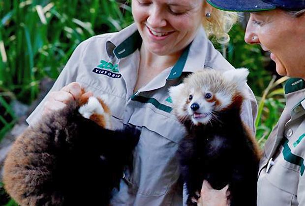 Keta und Mandu, beide männlich, kamen am 10. Dezember im Zoo von Melbourne auf die Welt. Ihre Eltern sind die achtjährige Roshani, die im Zoo von Perth zur Welt kam, und der fünfjährige Seba aus dem Zoo von Sydney. Pandas mit rötlichem Fell leben überwiegend in Nepal und China. Die Art ist gefährdet. Nach Schätzungen gibt es nur noch 10'000 Exemplare.
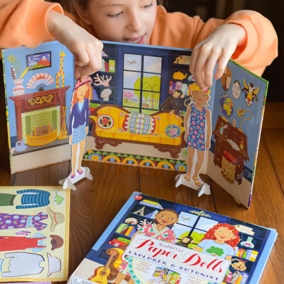 Explorer and Botanist Paper Dolls. A beautiful and educational imaginative play activity. Two brilliant and curious young investigators come with a generously sized fold-out play scene, a wardrobe of reusable electrostatic vinyl clothes and accessories.
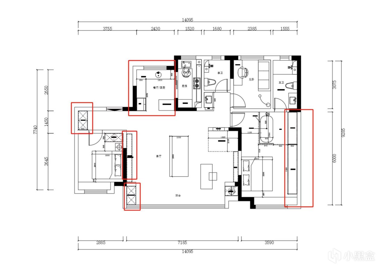 up主是四房改三房,比一开始的方案保守多了,up主超绝装修激进党,可惜出资方不同意,激进的都被驳回了。
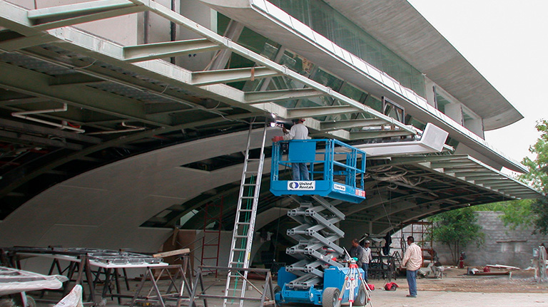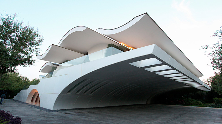 Terrazas is a private residence in Nuevo León, Mexico designed by Wallace E. Cunningham Architects. The residence consists of two independent volumes connected by a custom-made onyx bridge and features wave- like roofs made of stainless steel-covered GRFC (glass fiber reinforced concrete). Kinetica was commissioned to fabricate the roofs, onyx bridge, and reflective white façade for the residence.
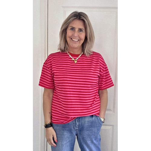 STREEP T-SHIRT rood/roze
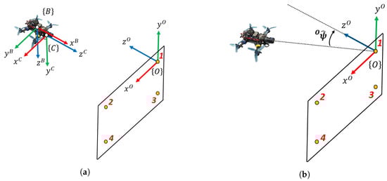 There are three coordinate systems in our system: the object coordinate system , the camera coordinate system , and the UAV’s body coordinate system , as shown in Figure 8a. We can obtain and directly by PnP.
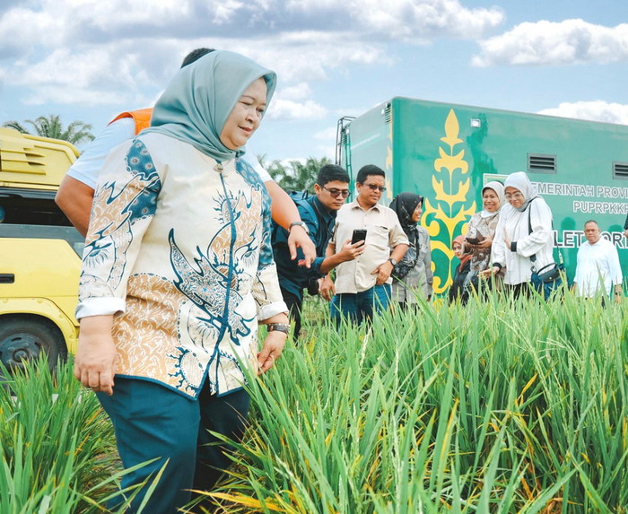 Deputi Bidang Koordinasi Keterjangkauan dan Keamanan Pangan Dr Ir Nani Hendiarti MSc saat meninjau perkembangan lokasi pilot project program Tampan yang diinisiasi PTPN IV di Kabupaten Siak, Provinsi Riau, mengatakan tanaman padi gogo di sela-sela hamparan sawit muda itu merupakan wujud nyata dukungan BUMN Perkebunan dalam mewujudkan program swasembada pangan nasional pada 2027 mendatang.
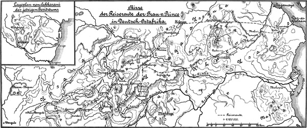 Nach einem kurzen Aufenthalt in Dar-es-Salaam, wo mir von allen Seiten mit der größten und freundlichsten Fürsorge begegnet wurde, erhielt mein Mann den Befehl, die Station Perondo zu übernehmen, die an der Grenze von Uhehe neu gegründet war.[S. 4] Von dort aus sollte er die friedliche Unterwerfung des Volks der Wahehe weiter fördern. Nähere Kunde über die Station wie über die augenblickliche Stimmung Quawas und seiner Wahehe war aber zunächst nicht zu erhalten, denn die letzten Berichte waren infolge der Überschwemmungen im Inneren des Landes noch nicht zur Küste gelangt. Daß der verheißungsvolle Name Dar-es-Salaam, Hafen des Friedens, den wir bei unserer Einfahrt in die prachtvolle Bucht als günstiges Vorzeichen begrüßten, in Wahrheit nur geographische Bedeutung für uns haben sollte, ahnten wir freilich nicht, als wir hoffnungsvoll den Marsch nach der Stätte unseres Wirkens antraten.
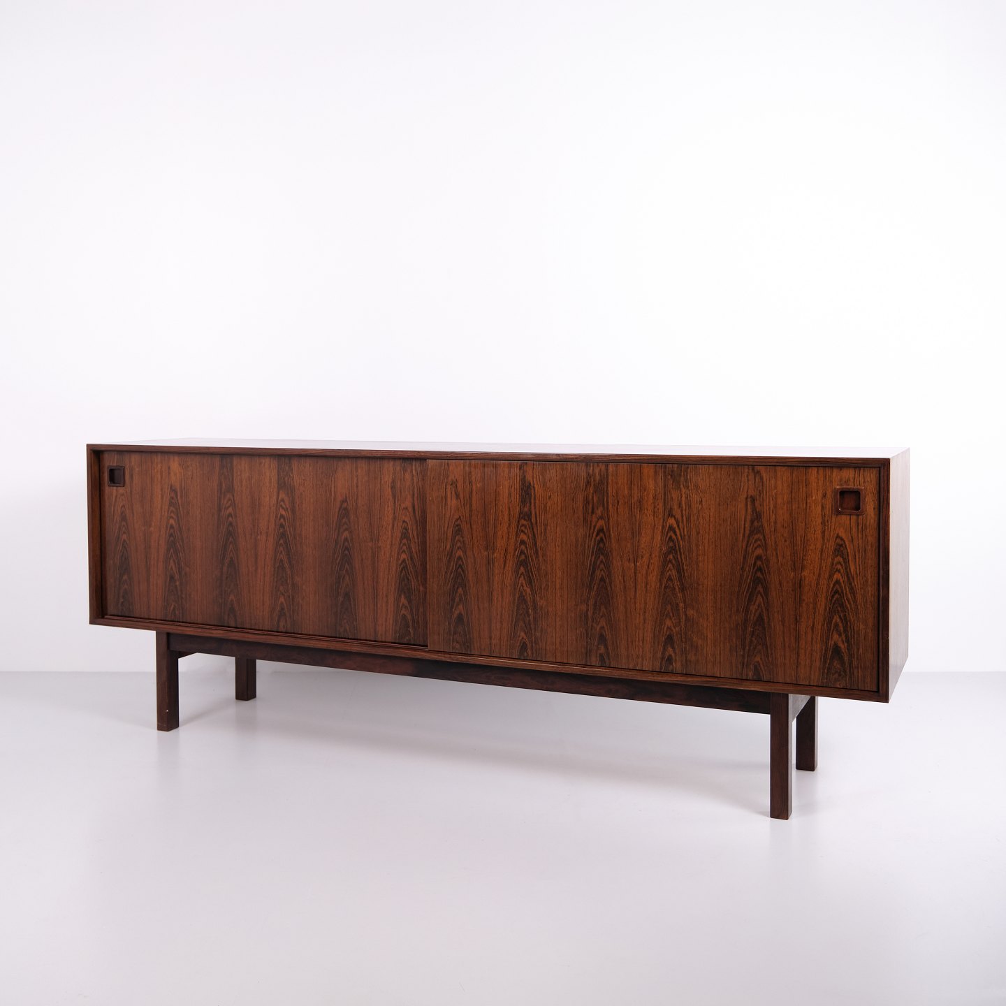 Skænk, model 21, designet af Gunni Omann og fremstillet hos Omann Jun Møbelfabrik i Danmark i 1960’erne. Møblet er udført i palisander og er et klassisk eksempel på dansk møbeldesign med fokus på funktionalitet, rene linjer og præcise snedkerdetaljer.

┄┄┄┄┄┄┄┄┄┄┄┄┄┄┄┄┄┄┄┄

# PROBLEM:
Produce the lines from the first line of the entries through the line that contains "There are three", exactly, leaving the pictures behind.

# EXERCISE OUTPUT:
 Keta und Mandu, beide männlich, kamen am 10. Dezember im Zoo von Melbourne auf die Welt. Ihre Eltern sind die achtjährige Roshani, die im Zoo von Perth zur Welt kam, und der fünfjährige Seba aus dem Zoo von Sydney. Pandas mit rötlichem Fell leben überwiegend in Nepal und China. Die Art ist gefährdet. Nach Schätzungen gibt es nur noch 10'000 Exemplare.
 Explorer and Botanist Paper Dolls. A beautiful and educational imaginative play activity. Two brilliant and curious young investigators come with a generously sized fold-out play scene, a wardrobe of reusable electrostatic vinyl clothes and accessories.
 up主是四房改三房,比一开始的方案保守多了,up主超绝装修激进党,可惜出资方不同意,激进的都被驳回了。
 Terrazas is a private residence in Nuevo León, Mexico designed by Wallace E. Cunningham Architects. The residence consists of two independent volumes connected by a custom-made onyx bridge and features wave- like roofs made of stainless steel-covered GRFC (glass fiber reinforced concrete). Kinetica was commissioned to fabricate the roofs, onyx bridge, and reflective white façade for the residence.
 STREEP T-SHIRT rood/roze
 There are three coordinate systems in our system: the object coordinate system , the camera coordinate system , and the UAV’s body coordinate system , as shown in Figure 8a. We can obtain and directly by PnP.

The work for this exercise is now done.